[FOM] Re: Non-constructive nature of probabilistic proofs

Timothy Y. Chow tchow at alum.mit.edu
Tue Nov 4 16:45:00 EST 2003

On Mon 3 Nov I wrote:

>I'm not sure that anyone has even formally defined and studied TFBPP.
>Some months ago I came up with a possible definition

Let me say a little bit more about this.  It might seem natural to say
that a probabilistic existence proof is nonconstructive if it does not
directly yield an explicit polynomial-time algorithm for constructing the
object whose existence it proves.  I suggest, however, a slightly
different definition.  If the proof yields a *randomized* algorithm that
runs in polynomial time and yields a positive instance with a bounded
probability of error, then I think the proof deserves to be called
"constructive."  This is a more generous definition of constructive.  For
example, consider a BPP property that 1/n of all graphs on n vertices
enjoy.  Then I can construct an instance by randomly generating a linear
number of graphs on n vertices and testing each of them for the property.
I consider this "constructive" even though maybe it's not an "explicit"

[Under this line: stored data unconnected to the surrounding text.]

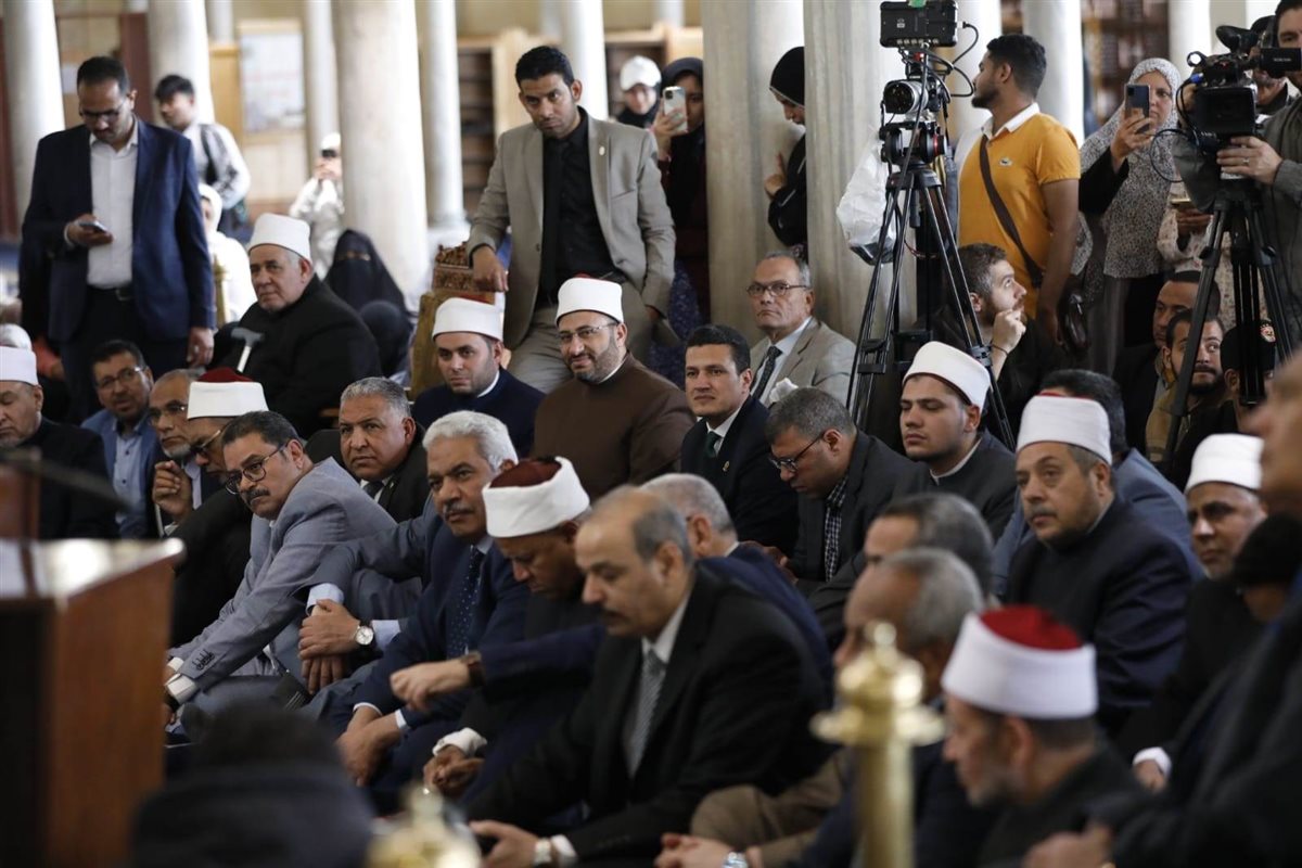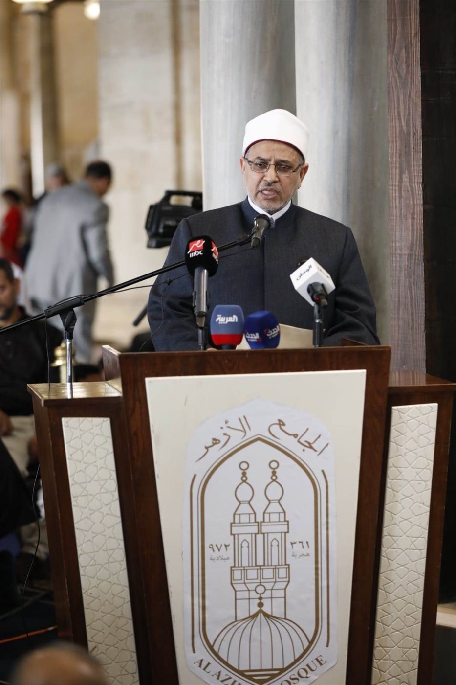 وتابع فضيلته: "الحمد لله الذي جعل الأزهر الشريف كعبة للعلم، تهوي إليه الأفئدة من كل فج عميق، الحمد لله الذي مَنَّ علينا بشرف الخدمة فيه، والعيش في رحابه، والارتواء من نبعه العذب، اللهم كما أكرمتنا بشرف الخدمة فيه فأعنا وتقبل منا وأدم علينا وعلى العالم أجمع نعمةَ الأزهر الشريف، حصنِ الدين واللغة، ومنارةِ التوسط والاعتدال، اللهم ووفق شيخه الجليل الإمام الأكبر الأستاذ الدكتور أحمد الطيب لإتمام ما شيد فيه من نهضة وتطوير وتجديد.
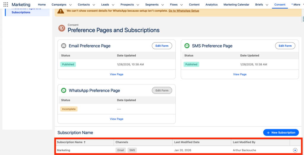 As you can see at the bottom of the page you will have an existing subscription named ‘Marketing’ – this is the default one. I would recommend organisations with small Marketing Teams to stick with a single subscriptions.
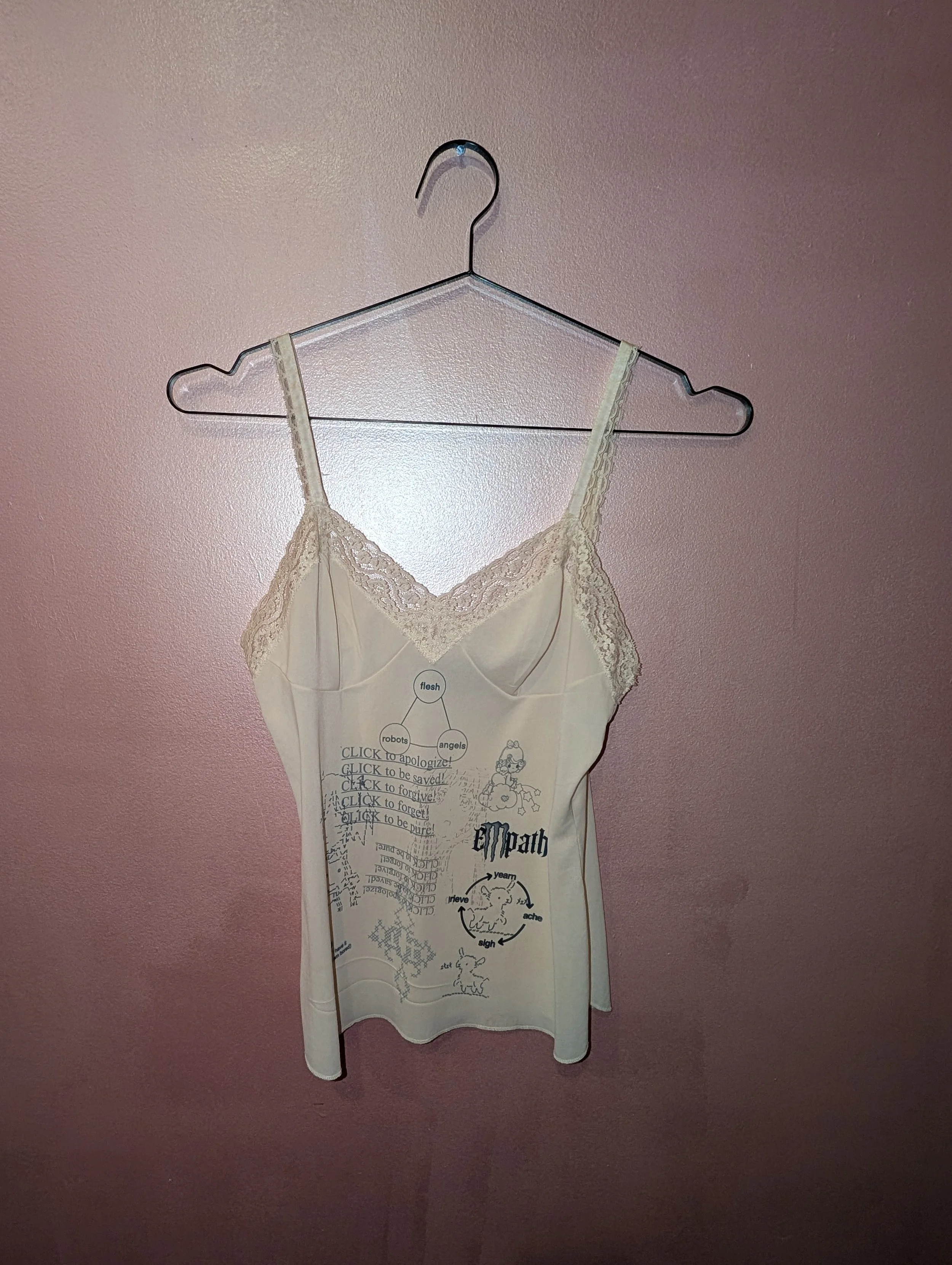 Nostalgia of mud was born from a girl in her room exploring her inner playground. Metalwork, illustration, image transfer, and ceramics are a means to explore a whimsically morbid realm with themes of isolation, decay, rebirth, and play. This special place is shared with others through decorative objects, stationary, printed tights, upcycled vintage, and more.
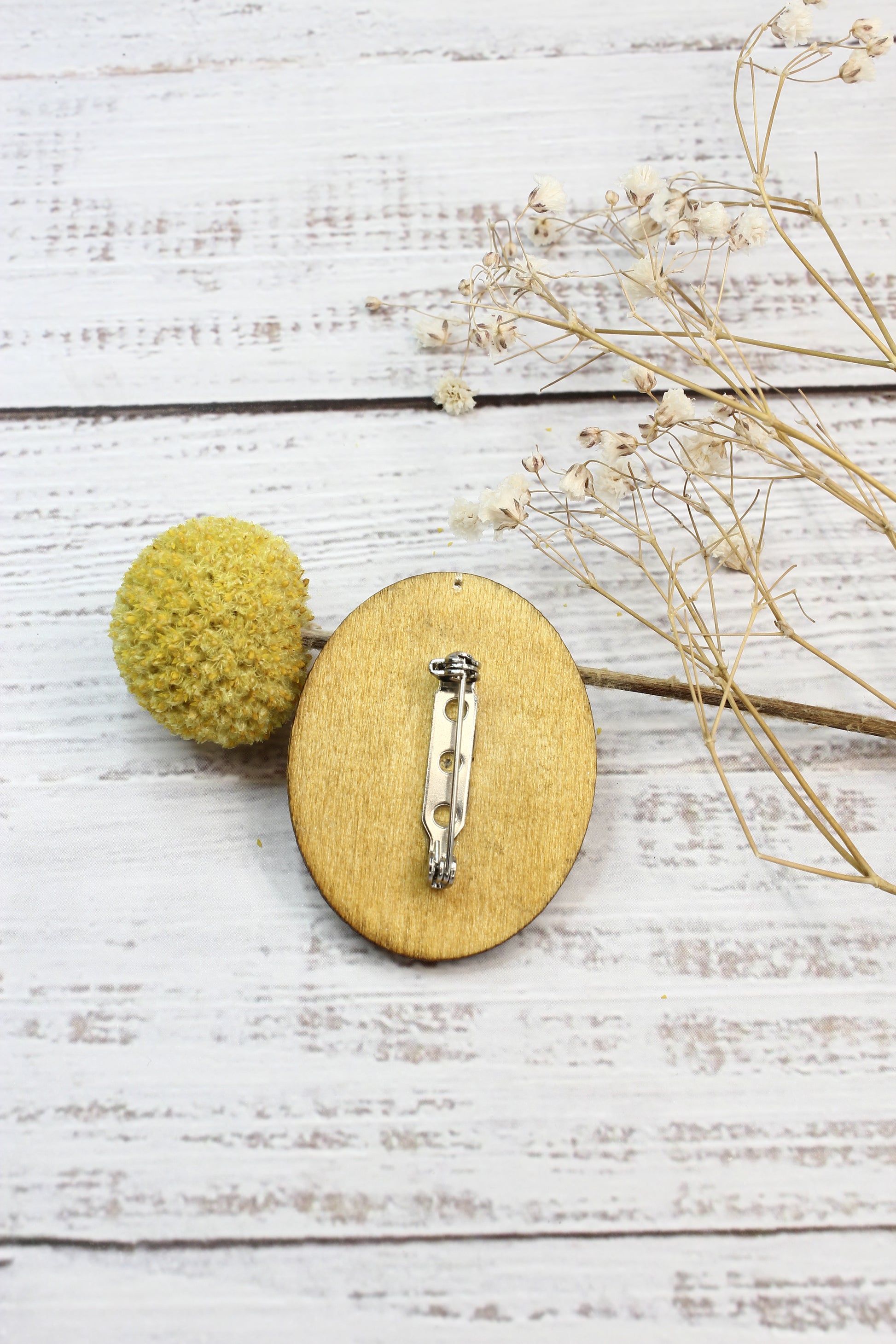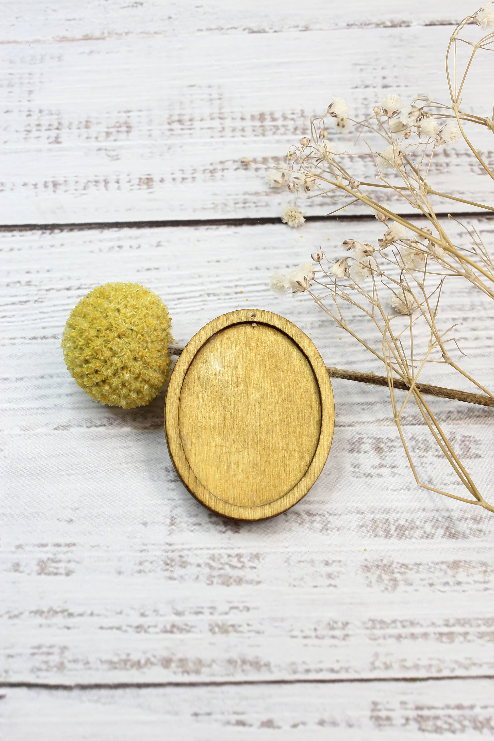 * A wood brooch with inside measuring of 1 1/2" Length and 1" inside Width
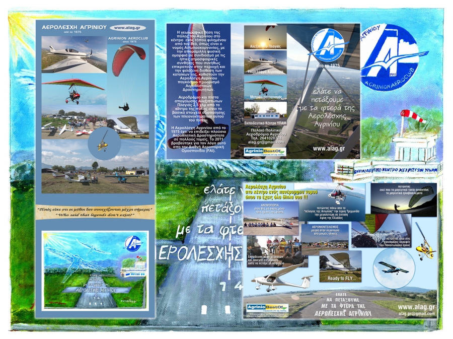 Εσωτερικά το φυλλάδιο έχει σαν κεντρικό μότο το μήνυμα «Αερολέσχη Αγρινίου. Στο κέντρο ενός πανέμορφου νομού όπου τα έχεις όλα δίπλα σου» και παρουσιάζονται φωτογραφίες με δράσεις της λέσχης σε διάφορους χώρους και με περιγραφές όπως :
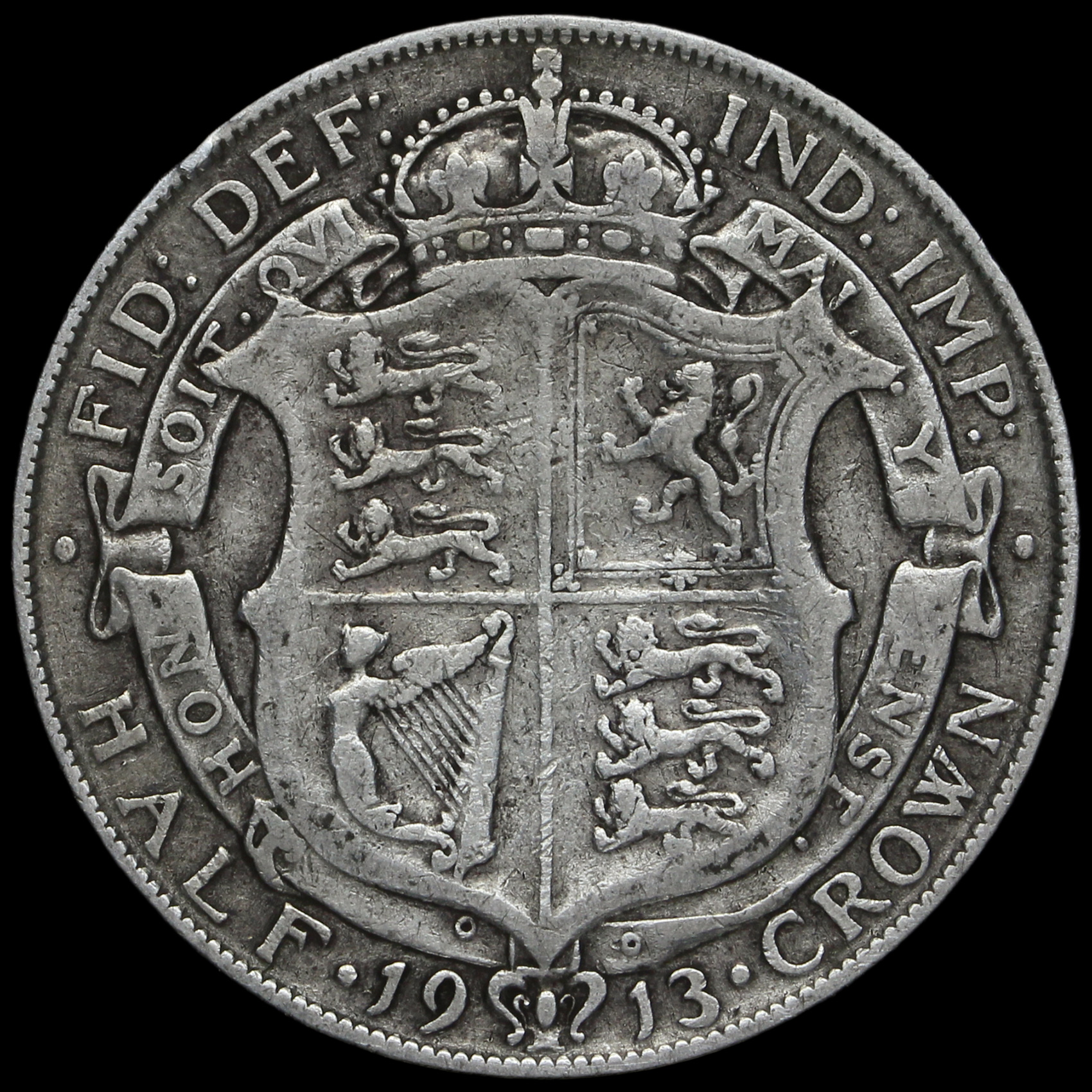 1913 George V Silver Half Crown, Rare, Fine

Some probabilistic proofs are constructive in this sense although they
may not be "explicitly" constructive---Joel Friedman's almost-Ramanujan
graphs furnish an example.  Other probabilistic proofs are nonconstructive
even with my more generous notion of constructiveness.  A classic example
is the existence proof of Ramsey graphs---graphs on n vertices with no
clique or independent set with more than 2 log_2 n vertices.  Even though
you can randomly generate graphs on n vertices and expect to get a Ramsey
graph in polynomial time, there isn't any (known) efficient (i.e., BPP)
way of identifying a Ramsey graph when you get one.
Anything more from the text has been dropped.